Someone Else

I’m a car guy, although sadly one without the resources to fill his driveway with exotics. In fact just to get my one and only vehicle into my tiny garage I have to perform an intricate backing up maneuver, with the odds of knocking off a wing mirror or two standing at about 50/50. But budget aside I do love cars and always have, so it’s no surprise that I’m interested in automotive marketing.

For those of us used to instant gratification, the multi-year process of designing and marketing a car would surely be an excruciating test of patience. Marketing’s job here is really hard, because it has to be far-sighted with respect to what the customer will want, yet operate in the context of current realities.

So it’s probably unfair of me to take issue with what marketers have sought to do in the automotive world: gain more influence.

It used to be that entrepreneurs, engineers and designers created cars, and marketing’s role came after the fact (it was tasked with selling what had already been created). The engineers’ and designers’ roles were very much about the stamp of the individual, to the extent that for any car geek names such as Battista (”Pinin”) Farina and Giorgetto Giugiaro (I’ll take a 1970s Lotus Esprit, thanks) are almost as significant as the marques for which their work was commissioned. Similarly, much of their focus was on innovation, not for its own sake but for the shared goal of advancing the industry. That may be my rose-tinted view, but even still it sits in stark contrast to today’s world, in which cars are contrived to be “category defining” and to appeal to meticulously targeted demographic groups.

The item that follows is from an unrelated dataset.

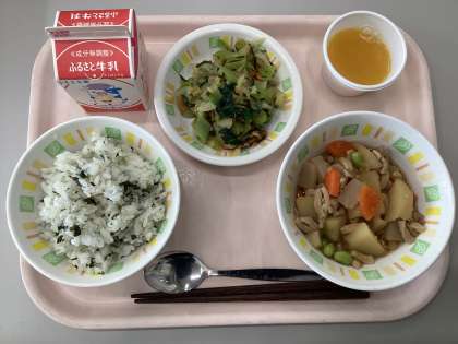 わかめごはん、牛乳、肉じゃが、キャベツと小松菜ののりあえ、みかんゼリー

It’s obviously a smart strategy to give marketing (if not always actual marketers) a role further up the food chain. After all, what company can risk the giant bet of designing a car from scratch driven only by talent, instinct and gut feeling? Far better to apply some dispassionate market analysis up front. But I was chatting with a friend who’s far more knowledgeable about cars than I, and neither of us could come up with a single vehicle on the market for which we truly felt passion. What’s available has been planned to the extent that it feels utterly contrived and I feel that by buying in the joke will be on me.

Removing budget parameters doesn’t make things any easier, even though I’m initially tempted by Aston Martins and Maseratis and their ilk. But then I remember that when you start up a modern Aston it displays the words “Power, Beauty, Soul” in sequence within the instrument display, and that the new Granturismo is built to accommodate precisely the extra large hedge fund manager, not the svelte Italian playboy. I’d rather have an Aston from the brutal ’70s / early 80s aristocratic muscle car era, which included a year in which the company sold only 30 cars and all-but imploded, and I think borrowed the steering wheel from Ford’s Crown Victoria. And the Maserati I want is one of the 30 or so 5000 GTs custom built for various plutocrats between 1959 and 1965. These are irrational choices by any measure.

You see what’s missing now is individualism on both sides of the equation. Cars are created by means of a more scientific model of marketing, more reliably approach their market and as a consequence lose the raw appeal that comes from identifying some part of you in the designer’s vision.

Perhaps what I’m really saying is that the further up the food chain marketing gets, the more effective and accurate it likely becomes, but it does so in a way that reaches someone who’s like you, but not quite.